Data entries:
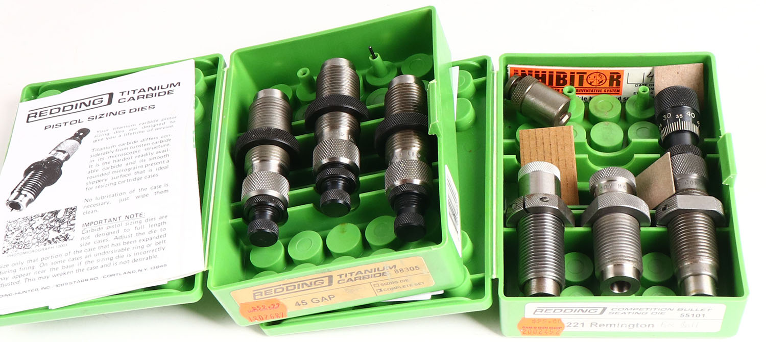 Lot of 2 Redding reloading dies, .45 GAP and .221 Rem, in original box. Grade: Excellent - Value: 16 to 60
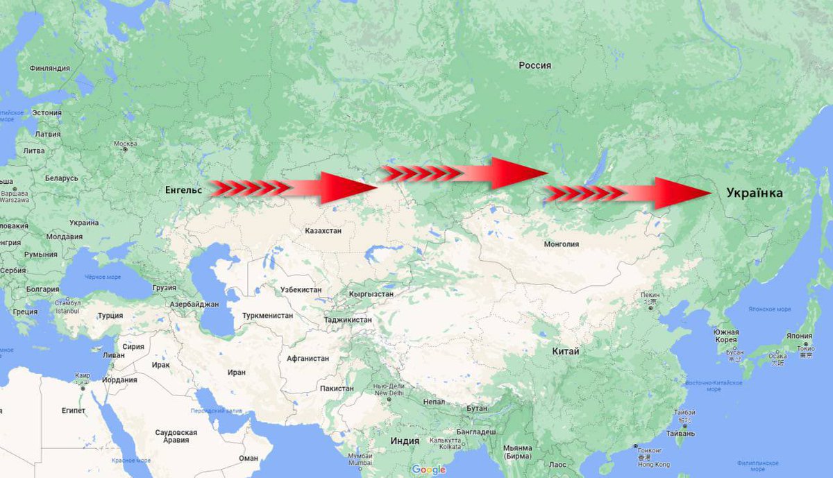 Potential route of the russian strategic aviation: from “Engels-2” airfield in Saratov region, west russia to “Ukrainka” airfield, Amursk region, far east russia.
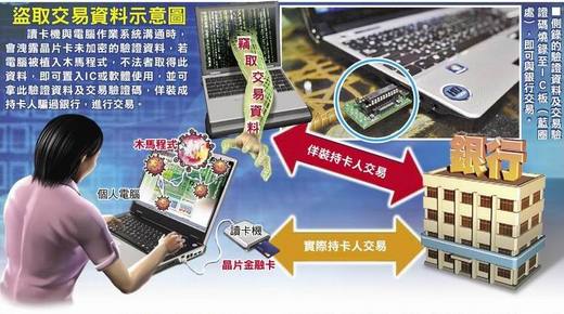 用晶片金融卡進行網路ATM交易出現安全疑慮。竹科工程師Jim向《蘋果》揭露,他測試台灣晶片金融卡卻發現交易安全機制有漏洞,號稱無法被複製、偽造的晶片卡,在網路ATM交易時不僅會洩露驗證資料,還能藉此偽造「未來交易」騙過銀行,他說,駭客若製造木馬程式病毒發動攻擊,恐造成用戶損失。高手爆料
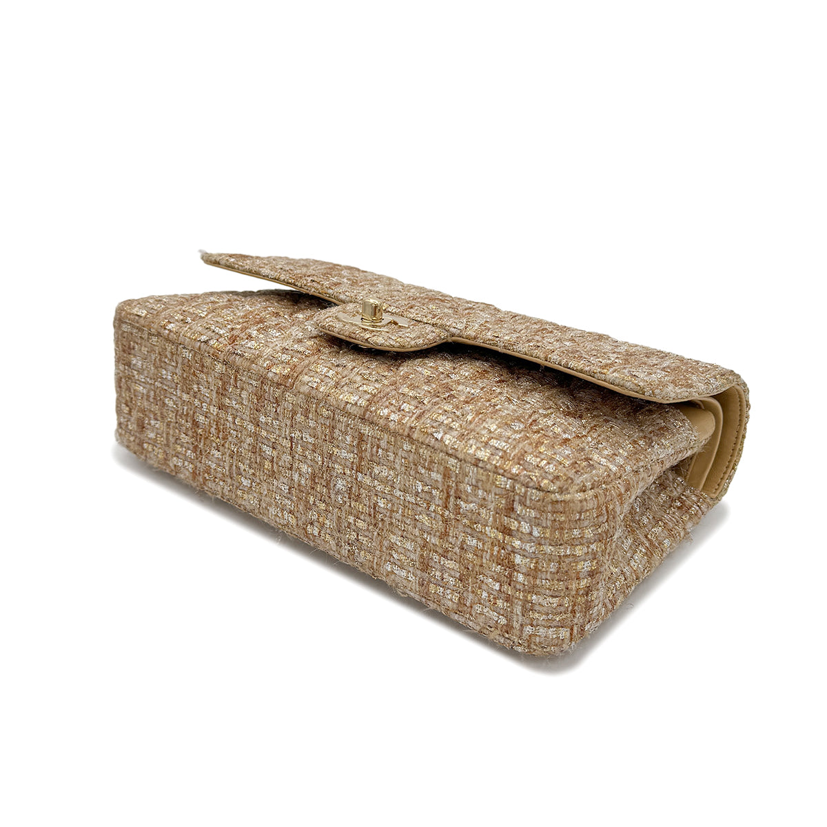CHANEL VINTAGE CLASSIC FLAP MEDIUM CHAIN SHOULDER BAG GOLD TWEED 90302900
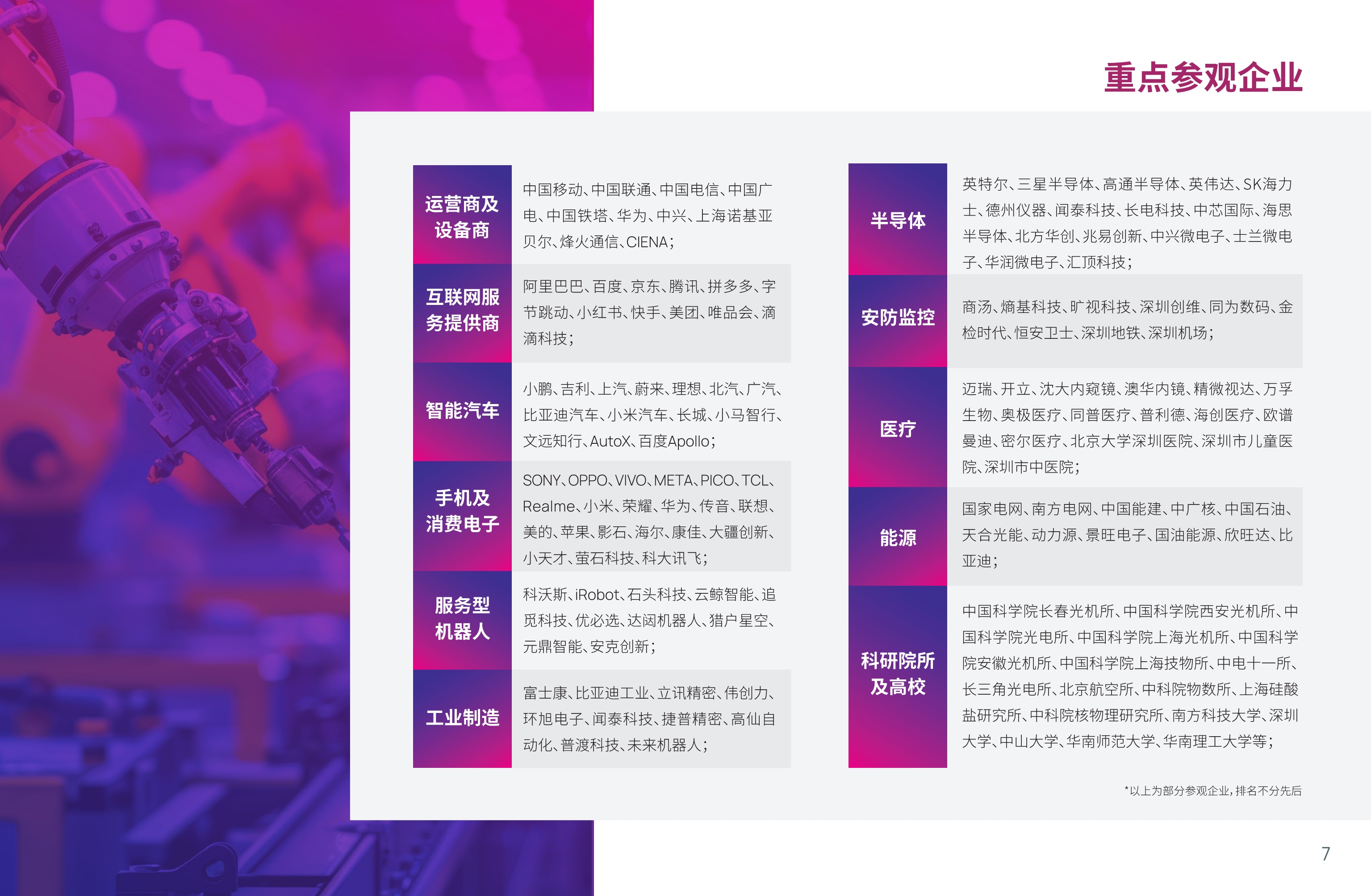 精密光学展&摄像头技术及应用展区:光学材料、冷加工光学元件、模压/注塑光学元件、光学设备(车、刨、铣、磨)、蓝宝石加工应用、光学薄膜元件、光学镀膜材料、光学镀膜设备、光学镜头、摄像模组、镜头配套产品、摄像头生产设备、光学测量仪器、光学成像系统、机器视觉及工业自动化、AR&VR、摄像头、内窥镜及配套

▶ Exercise instructions: From the line that contains "用晶片金融卡進行網路ATM交" to the last line of the data, print each line exactly, both ends included, and omit the pictures.

▶ Solution to the problem:
 用晶片金融卡進行網路ATM交易出現安全疑慮。竹科工程師Jim向《蘋果》揭露,他測試台灣晶片金融卡卻發現交易安全機制有漏洞,號稱無法被複製、偽造的晶片卡,在網路ATM交易時不僅會洩露驗證資料,還能藉此偽造「未來交易」騙過銀行,他說,駭客若製造木馬程式病毒發動攻擊,恐造成用戶損失。高手爆料
CHANEL VINTAGE CLASSIC FLAP MEDIUM CHAIN SHOULDER BAG GOLD TWEED 90302900
 精密光学展&摄像头技术及应用展区:光学材料、冷加工光学元件、模压/注塑光学元件、光学设备(车、刨、铣、磨)、蓝宝石加工应用、光学薄膜元件、光学镀膜材料、光学镀膜设备、光学镜头、摄像模组、镜头配套产品、摄像头生产设备、光学测量仪器、光学成像系统、机器视觉及工业自动化、AR&VR、摄像头、内窥镜及配套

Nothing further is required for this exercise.